• What you should do
Go through the entries below and print, exactly, the lines starting at the one with "High School golfers" and ending at the one with "Mid-Century Asymmetrical Wood Wall Mirror", keeping both ends and no others.

• Supplied material
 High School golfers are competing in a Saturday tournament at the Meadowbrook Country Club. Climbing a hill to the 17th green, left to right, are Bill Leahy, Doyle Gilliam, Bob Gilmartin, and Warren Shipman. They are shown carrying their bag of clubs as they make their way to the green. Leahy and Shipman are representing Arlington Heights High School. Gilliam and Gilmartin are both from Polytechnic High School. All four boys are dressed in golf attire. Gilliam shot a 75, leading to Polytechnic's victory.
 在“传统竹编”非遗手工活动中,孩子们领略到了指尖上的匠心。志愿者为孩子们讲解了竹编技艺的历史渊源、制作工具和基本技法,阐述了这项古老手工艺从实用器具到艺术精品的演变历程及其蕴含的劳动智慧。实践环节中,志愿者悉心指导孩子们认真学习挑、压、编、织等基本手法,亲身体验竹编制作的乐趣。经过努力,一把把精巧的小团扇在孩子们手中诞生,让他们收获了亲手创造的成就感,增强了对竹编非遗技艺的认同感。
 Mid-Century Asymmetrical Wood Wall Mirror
* * *
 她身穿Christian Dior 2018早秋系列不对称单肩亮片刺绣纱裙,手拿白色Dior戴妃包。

• Your solution
 High School golfers are competing in a Saturday tournament at the Meadowbrook Country Club. Climbing a hill to the 17th green, left to right, are Bill Leahy, Doyle Gilliam, Bob Gilmartin, and Warren Shipman. They are shown carrying their bag of clubs as they make their way to the green. Leahy and Shipman are representing Arlington Heights High School. Gilliam and Gilmartin are both from Polytechnic High School. All four boys are dressed in golf attire. Gilliam shot a 75, leading to Polytechnic's victory.
 在“传统竹编”非遗手工活动中,孩子们领略到了指尖上的匠心。志愿者为孩子们讲解了竹编技艺的历史渊源、制作工具和基本技法,阐述了这项古老手工艺从实用器具到艺术精品的演变历程及其蕴含的劳动智慧。实践环节中,志愿者悉心指导孩子们认真学习挑、压、编、织等基本手法,亲身体验竹编制作的乐趣。经过努力,一把把精巧的小团扇在孩子们手中诞生,让他们收获了亲手创造的成就感,增强了对竹编非遗技艺的认同感。
 Mid-Century Asymmetrical Wood Wall Mirror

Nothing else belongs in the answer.